Paper ID: | 609 |
---|---|

Title: | Polynomial Cost of Adaptation for X-Armed Bandits |

The current paper is mathematically well written, but lacks explanations. The results are established using a compilation of techniques from several articles (Kleinberg [15], Audibert and Bubbeck [2], and Garivier et al [11]). However, even if it seems sound, and can be followed line by line, it sometimes lacks explanations about global intuitions. For example, I believe that the proof of Lemma 1 is not mandatory (and its statement is anyway very technical), and it would be better to focus on global explanations of the methodology. As an example, Algorithm 2 (MeDZO) is helpful to discretize the continuous interval: it would be good to explain why this algorithm? Why this selection of the parameters p, K_i and Delta T_i is done in that way works? The horizon T is assumed to be a prior knowledge. This should be stated and commented (if this is indeed the case). In the current form, the proofs are postponed to very technical statements at the end, but the article would really benefit about shorter sketch proofs, with key ideas and explanations. Why this algorithm, and not another one? The current audience of this article, in its current form is for a specialized audience, but not for a large audience corresponding to NIPS.
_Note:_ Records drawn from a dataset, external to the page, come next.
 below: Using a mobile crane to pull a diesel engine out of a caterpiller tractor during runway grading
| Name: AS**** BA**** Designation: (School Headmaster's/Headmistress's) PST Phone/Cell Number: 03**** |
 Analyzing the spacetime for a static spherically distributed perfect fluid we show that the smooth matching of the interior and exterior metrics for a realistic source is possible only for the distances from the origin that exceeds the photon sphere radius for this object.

Originality: The results of this paper include some clever use of existing results and techniques along with some novel algorithmic elements. Quality: The technical results of the paper are stated precisely and are accompanied with rigorous proofs. The formal statements are also complemented by the descriptions of their underlying intuition, which helps in understanding the results. Clarity: The paper is very well written, and while the technical content is dense, it was reasonably easy to follow. Significance: I feel that the algorithmic ideas presented for achieving the optimal adaptive rates are important, and can have potential applications in related problems. ------------------------- AFTER AUTHOR RESPONSE: I have read the author response, and I thank the authors for their clarifications. I will retain my previous score for this submission.
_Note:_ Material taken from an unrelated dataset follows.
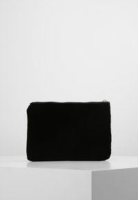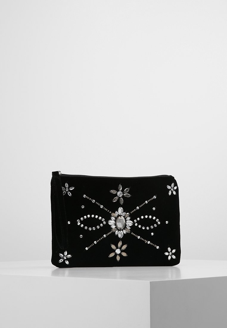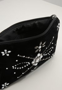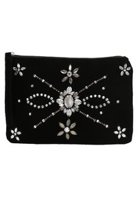 Pochette en velours noir ornée de délicats embellissements argentés. Elle présente une fermeture éclair, des motifs floraux et une surface texturée. Design compact.

This paper considers the regret of X-armed bandit problem. They propose a lower bound on the regret of this problem. Then they show their MeDZO algorithm, which has the advantage that need nothing to be the input, and can achieve good performances for any fixed parameters. They also show the theoratical regret upper bound of this algorithm. The idea of using the empirical distribution before is very interesting, which can reduce the number of arms we needed while keeps the regret in a low level. The regret upper bound of this policy matches with the lower bound provided in this paper, which means both bounds are tight. I think I have read some papers that use a similar idea, but this one is the first one I know about using this trick on X-armed bandit model. The proof seems to be correct, but I do not check thoses ones in supplementary file in detail. The writting is also clear for me to understand this paper. I found there are no experiments in this paper, and I am wondering how much the regret gap will be when comparing the MeDZO policy with other ones who takes \alpha as input and then make the optimization. After rebuttal: - I saw the experimental results, and I think add some experiments into the paper is useful for readers to understand the contribution of your papers. - The similar ideas: for example, in "Reducing Dueling Bandits to Cardinal Bandits", their Doubler and MultiSBM policy both regard an empirical distribution on arms as a generalized arm.